In addition to the behavioral parameters of activity, feeding behavior, and frequency of boar visits, methods have been proposed to detect estrus behavior based on physical and biological characteristics, such as ear temperature, vaginal temperature, rectal temperature, and hormonal changes in the vagina [79]. Dusza et al. [70] reported that the measure of vaginal impedance helps in predicting the LH surges, which occurred 16.9 h (±17.8) after the first signs of estrus. Řezáč et al. [71, 80] reported that the impedance changes in the vaginal vestibule during peri-estrus are considerably different from those described earlier in the vagina.

In the early estrus detection, the uniqueness of the device identification enables better tracking of individual information, i.e., it can effectively combine individual identification with behavioral identification to achieve precise raising of animals. But at the same time, both the estrus detection device on the feeding pen and the sensor near the boar visit window could only record the individual information of one sow at a time. Contact sensors such as accelerometers, posture sensors, and vaginal resistance devices are prone to costly problems such as loss of equipment and wear and tear when animals move or crash with friction.

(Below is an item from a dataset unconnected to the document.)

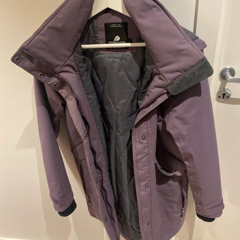 Didriksons regnjakke i størrelse 44. Jakken er hvit med diskret lilla mønster. Modellen har hette og hel glidelås foran. Svært lite og pent brukt. Fremstår som ny.

Machine vision-based estrus monitoring: Digital infrared thermal imaging (DITI) technology could detect temperature gradients over a surface area due to its ability to detect temperature gradients. The body changes in temperature are easily recognized and detected by DITI and may provide a means for the discovery and monitoring of normal and abnormal physiological events [72]. Sykes et al. [73] used DITI to discriminate between estrus and diestrus phases of the porcine estrous cycle. Vulva thermal images from defined regions of interest were analyzed for maximum (MAX), minimum (MIN), and average (AVG) temperatures. After performed by the gate level model (GLM) procedure, Pearson’s correlations were used to determine relationships among MAX, MIN, and AVG vulva, rectal, and ambient temperatures. Based on the current data, DITI can discriminate between vulva surface temperatures during estrus and diestrus in gilts. Freson et al. [5] proposed a method of using infrared sensors to obtain daily average activity to determine whether a sow was in heat. The change in behavior is transformed into a change in body temperature and finally reflected in the form of voltage. According to the change in voltage, 4 parameters of exercise volume (average daily activity, standard deviation of average daily activity, minimum, and peak) are set. Research has shown that the accuracy rate of judging the issuance behavior based on the average daily activity amount is 80%. Based on this method, Sun et al. [81] designed a microprocessor-based infrared monitoring system to identify the estrus behavior of sows. The experimental results showed an accuracy of more than 80%.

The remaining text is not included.